A small spice shop in Lake Side, Pokhara. Photo: Arvid Stider

A small spice shop in Lake Side, Pokhara. Photo: Arvid Stider

Accessible markets are either niche or fragmented

Which market segments are accessible for farmers? This is a complicated question. Our fieldwork points in several directions. The tourist retail segment – specialty shops along the Pokhara lakeside and in similar tourist hubs – stocks dried products, and its customers actively seek locally produced, quality food. The buyer’s behaviour is clear and the willingness to pay is there. But the segment is geographically concentrated and limited in scale.

Institutional procurement, on the other hand, offers potential volume but turns out to be far more fragmented than it appears from the outside, with WFP being the clearest example. What looks like a single large buyer is, in practice, dozens of decentralised procurement decisions.

The local urban market – independent retailers and urban consumers – is also an interesting case and sits somewhere in between. It is more accessible than institutional procurement, but with consumer demand for dried products that is still forming.
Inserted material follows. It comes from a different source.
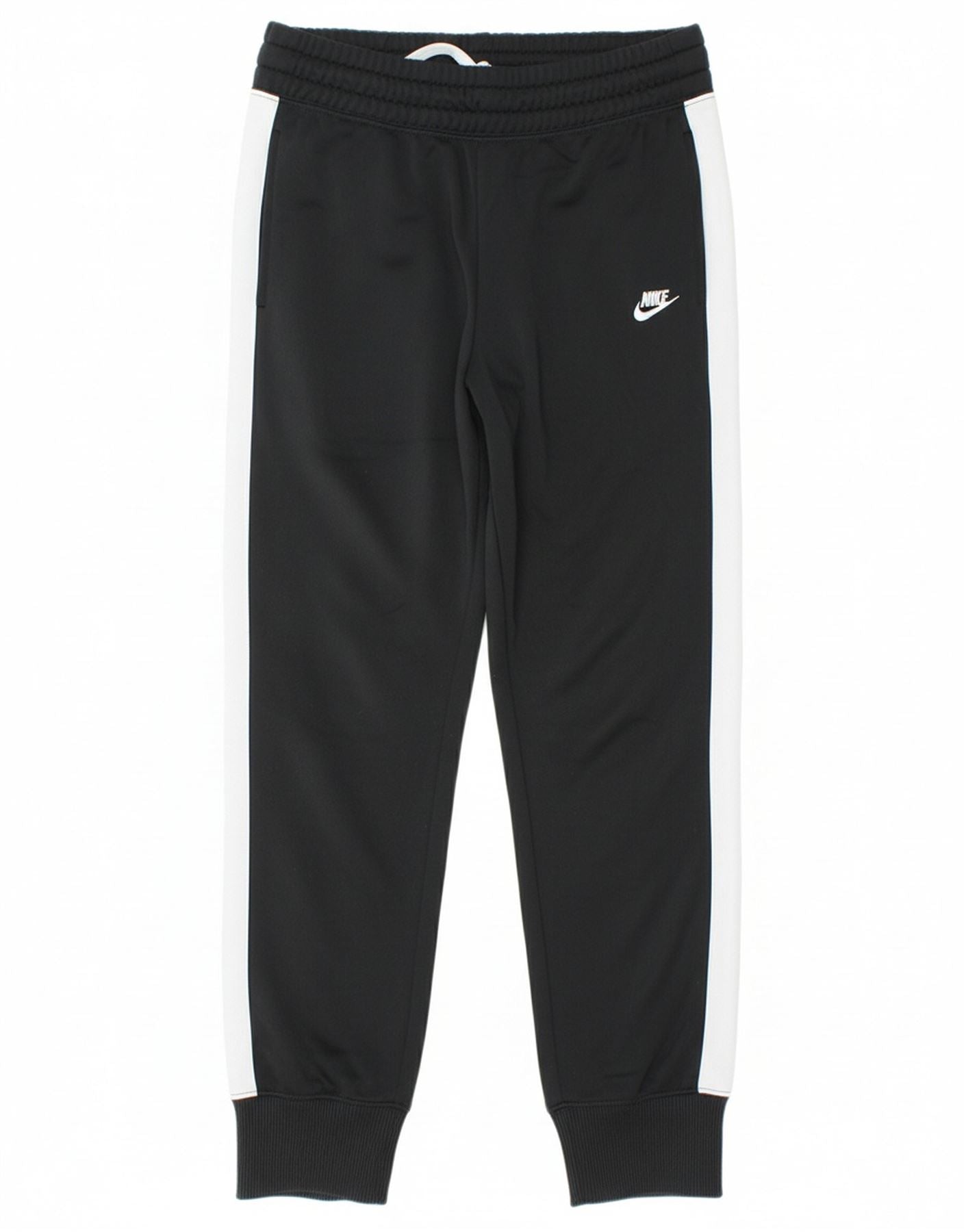 NIKE Boys Tracksuit Trousers Joggers 8-9 Years Small Black Colourblock

The takeaway is the same: Throughout there is no uniform pathway into the markets. Strategy must be built segment by segment. Our research ambition is to develop a go-to-market strategy that is grounded in how the market functions, including its constraints and opportunities.

Photo: Gustav Lautmann

Photo: Gustav Lautmann

 

Gustav Lautmann and Arvid Stider are master’s students in Industrial Engineering and Management at Lund University (LTH). Currently, they are conducting fieldwork in Nepal in collaboration with the SolarFood project. Their thesis report will be published in June 2026.